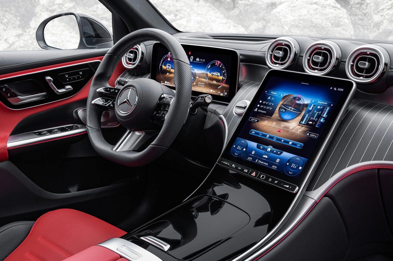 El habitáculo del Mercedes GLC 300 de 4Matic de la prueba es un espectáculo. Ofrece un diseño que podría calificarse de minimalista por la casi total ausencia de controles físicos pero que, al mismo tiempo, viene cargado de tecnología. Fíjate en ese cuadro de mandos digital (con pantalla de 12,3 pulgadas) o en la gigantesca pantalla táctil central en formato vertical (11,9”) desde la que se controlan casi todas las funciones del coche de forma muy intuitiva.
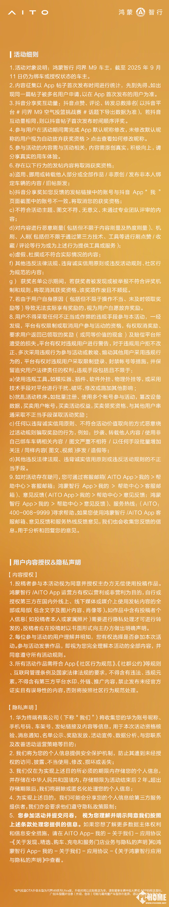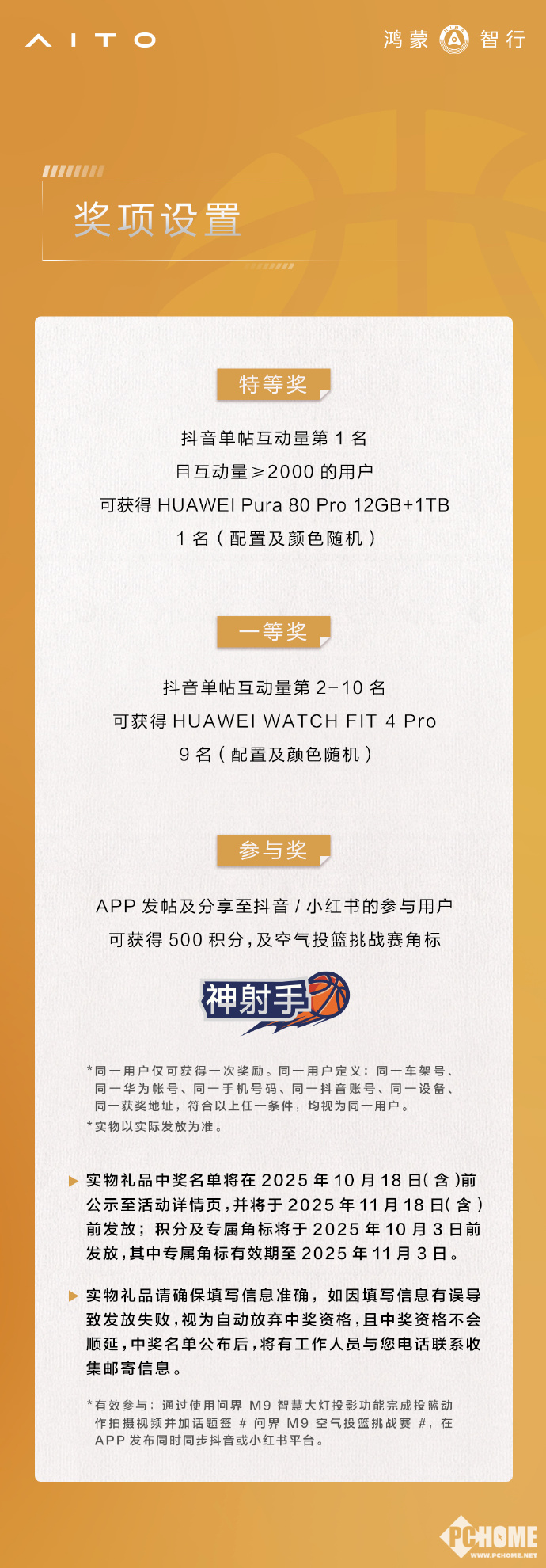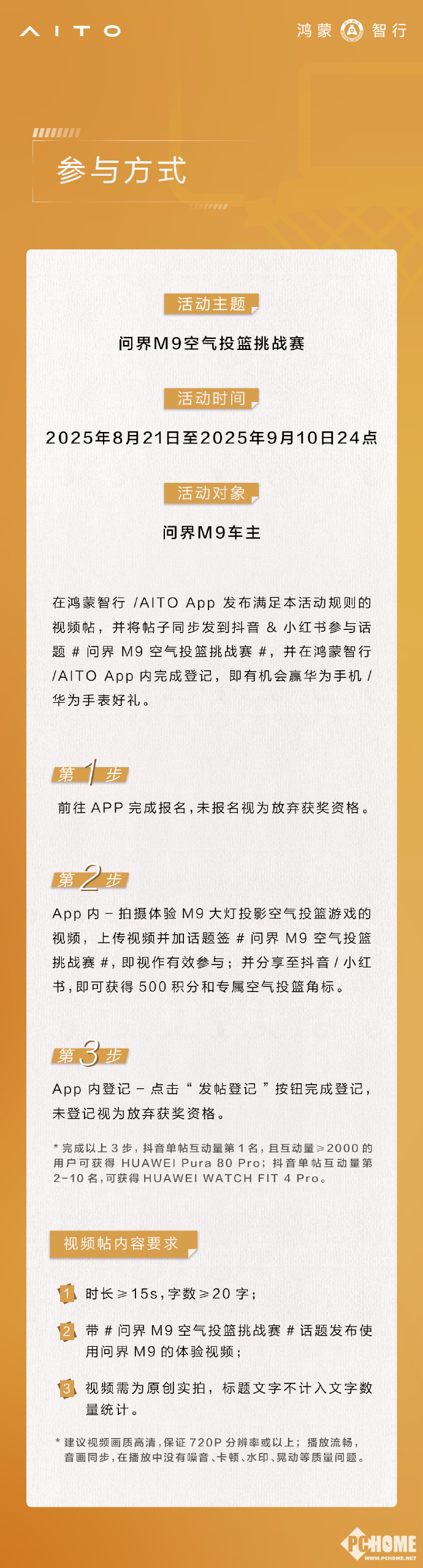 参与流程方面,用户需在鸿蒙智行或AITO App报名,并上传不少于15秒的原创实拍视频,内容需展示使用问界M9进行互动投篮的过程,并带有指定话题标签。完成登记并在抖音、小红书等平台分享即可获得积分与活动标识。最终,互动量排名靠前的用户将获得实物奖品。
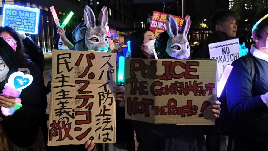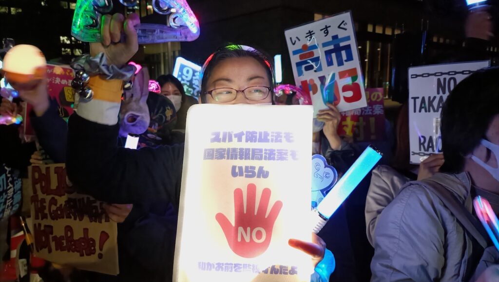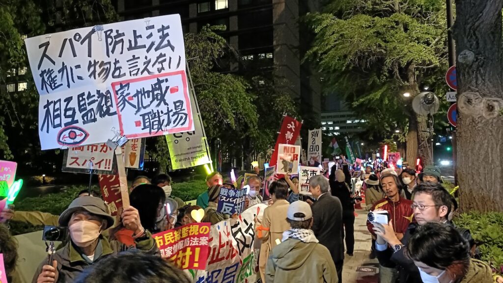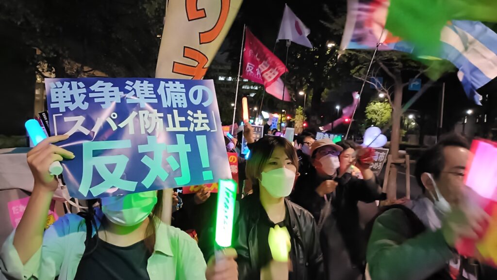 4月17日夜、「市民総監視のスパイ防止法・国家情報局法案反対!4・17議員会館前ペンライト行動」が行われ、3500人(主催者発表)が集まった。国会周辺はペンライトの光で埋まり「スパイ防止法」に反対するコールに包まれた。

What the task requires:
Return the listing above unaltered, omitting its pictures.

Answer to this problem:
 El habitáculo del Mercedes GLC 300 de 4Matic de la prueba es un espectáculo. Ofrece un diseño que podría calificarse de minimalista por la casi total ausencia de controles físicos pero que, al mismo tiempo, viene cargado de tecnología. Fíjate en ese cuadro de mandos digital (con pantalla de 12,3 pulgadas) o en la gigantesca pantalla táctil central en formato vertical (11,9”) desde la que se controlan casi todas las funciones del coche de forma muy intuitiva.
 参与流程方面,用户需在鸿蒙智行或AITO App报名,并上传不少于15秒的原创实拍视频,内容需展示使用问界M9进行互动投篮的过程,并带有指定话题标签。完成登记并在抖音、小红书等平台分享即可获得积分与活动标识。最终,互动量排名靠前的用户将获得实物奖品。
 4月17日夜、「市民総監視のスパイ防止法・国家情報局法案反対!4・17議員会館前ペンライト行動」が行われ、3500人(主催者発表)が集まった。国会周辺はペンライトの光で埋まり「スパイ防止法」に反対するコールに包まれた。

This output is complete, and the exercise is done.